Apropos Flow. Gruner & Jahr, die verrückte Inhaltebude mit Hafenblick, hat
ihr Bastelverlagsprogramm um ein Häkelheft für Männer erweitert. Sollen
Frauen mittels handarbeitlichen Beschäftigungen von Dingen wie Politik
ferngehalten werden, hat man jetzt endlich etwas für den Mann im Programm,
der bei seiner Partnerin keinen mehr wegstecken kann, weil sie lieber das
Hundekörbchen windet, als zu vögeln.
## „Die Natur will Dich zurück“
Mit Walden ist nicht nur das Männermagazin der schärfsten Axtburschen
überhaupt erschienen – das Pressefoto zeigt vier Herren jenseits der
46dreiviertel, die alle das Bauch-weg-Programm hinter sich haben und mit
einer Dynamik in die Kamera strahlen, die einem nicht nur Angst macht,
sondern die fragen lässt, wieso solche bio-dynamischen Potenzbrocken was
mit Journalismus machen und nicht schon längst die Welt regieren? Oder
zumindest einen Tele-Shopping-Kanal für Holzfällerbedarf.

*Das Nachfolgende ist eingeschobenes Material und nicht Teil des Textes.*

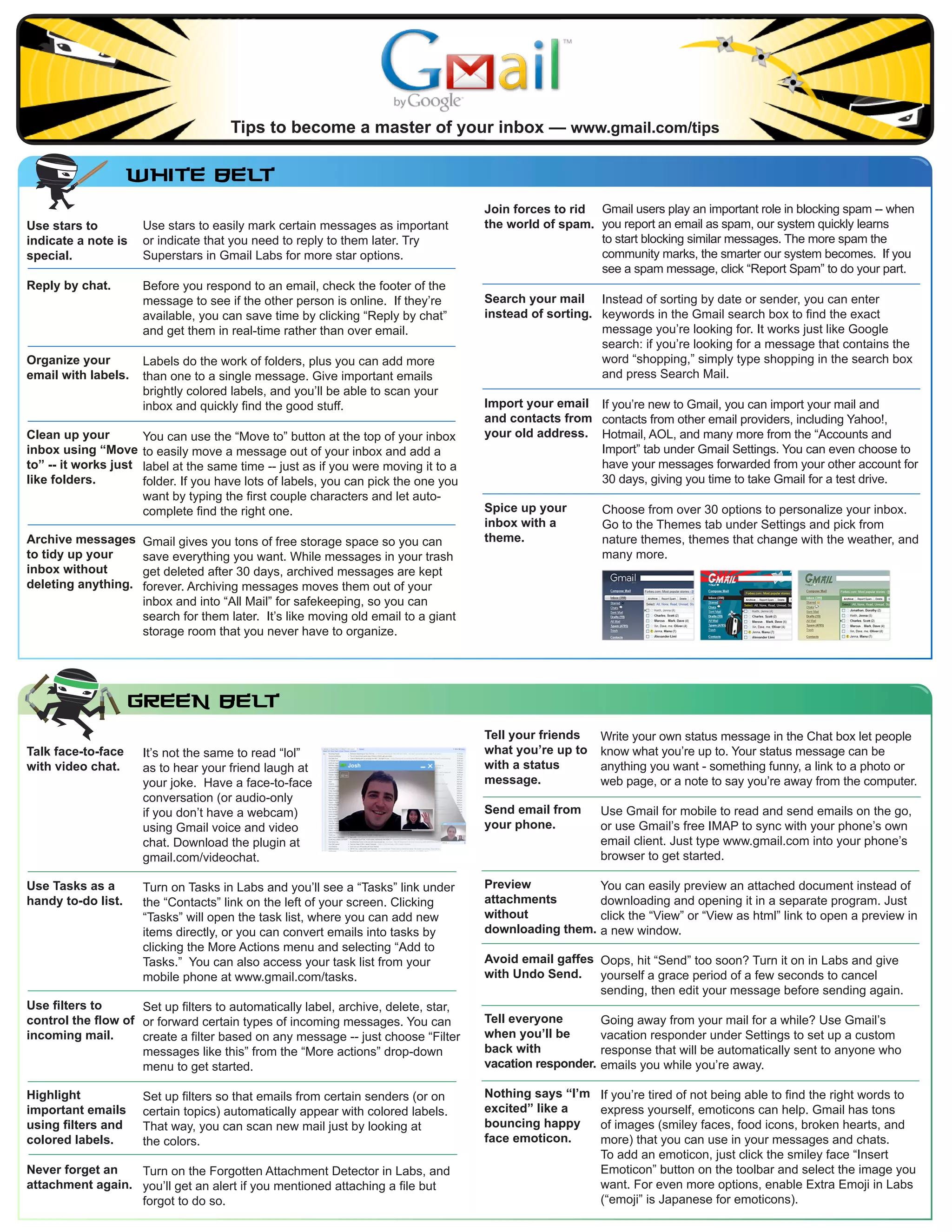 1) The document provides tips for using Gmail more efficiently, such as using stars and labels to organize emails, searching emails instead of sorting, and using keyboard shortcuts to navigate faster.

Nein, mit Walden zeigt der Verlag auch, was ihm seine neuen Objekte wert
sind: Als ich letzte Woche zum Zwecke des Erwerbs von Karteikarten durch
die Hamburger Schanzenstraße ging, kamen mir zwei junge Menschen mit einem
sehr großen Hirsch auf einem Schiebgerät entgegen. Auf der einen Flanke war
Walden geschrieben, auf der anderen „Die Natur will Dich zurück“. Was wohl
der Aufruf zur Selbstkompostierung sein soll.
Die jungen Menschen waren durch Walden-Sweatshirts als Werbevertreter des
Magazins zu erkennen und Jägerin, die ich bin, ging ich in meiner offenen
Art auf sie zu. Was sie denn da hätten, wollte ich wissen. „Ein neues
Magazin“, sagte die junge Frau und als ich fragte, ob ich mal gucken dürfe,
gab sie mir ein Exemplar.
## Eingeweide kocht selbst
Ich blätterte hin und her, war aber durch das Straßengeschehen zu
abgelenkt, um das Potential des Heftes zu erkennen. So fragte ich, ob ich
eines mitnehmen könne, und musste erfahren: Nö, sie hat nur das eine. Das
ist Gruner-Marketing 2015 zum Launch eines neuen Magazins: Man lässt ein
paar arme Studenten Hirsche durch die Großstadt schieben und Interessierte
in ein ANSICHTSexemplar gucken.
Vielleicht, so denke ich, ist das die neue Seite einer alten
Verleger-Allianz: Die Hamburger Verlage tun sich zusammen und kaufen
gemeinsam Werbestrategien ein. So haben vielleicht Die Zeit, Spiegel und
Gruner ein 2+1 Angebot wahrgenommen. Zwei Imagefilme plus eine „Innovative
Streetcampaign“ zum Preis von einem Volontärsjahresgehalt. Aber nee, so war
es dann doch nicht. In einem Branchendienst war zu lesen: Die Werbung für
Walden wurde „intern“ entwickelt. Hier kocht das Eingeweide quasi selbst.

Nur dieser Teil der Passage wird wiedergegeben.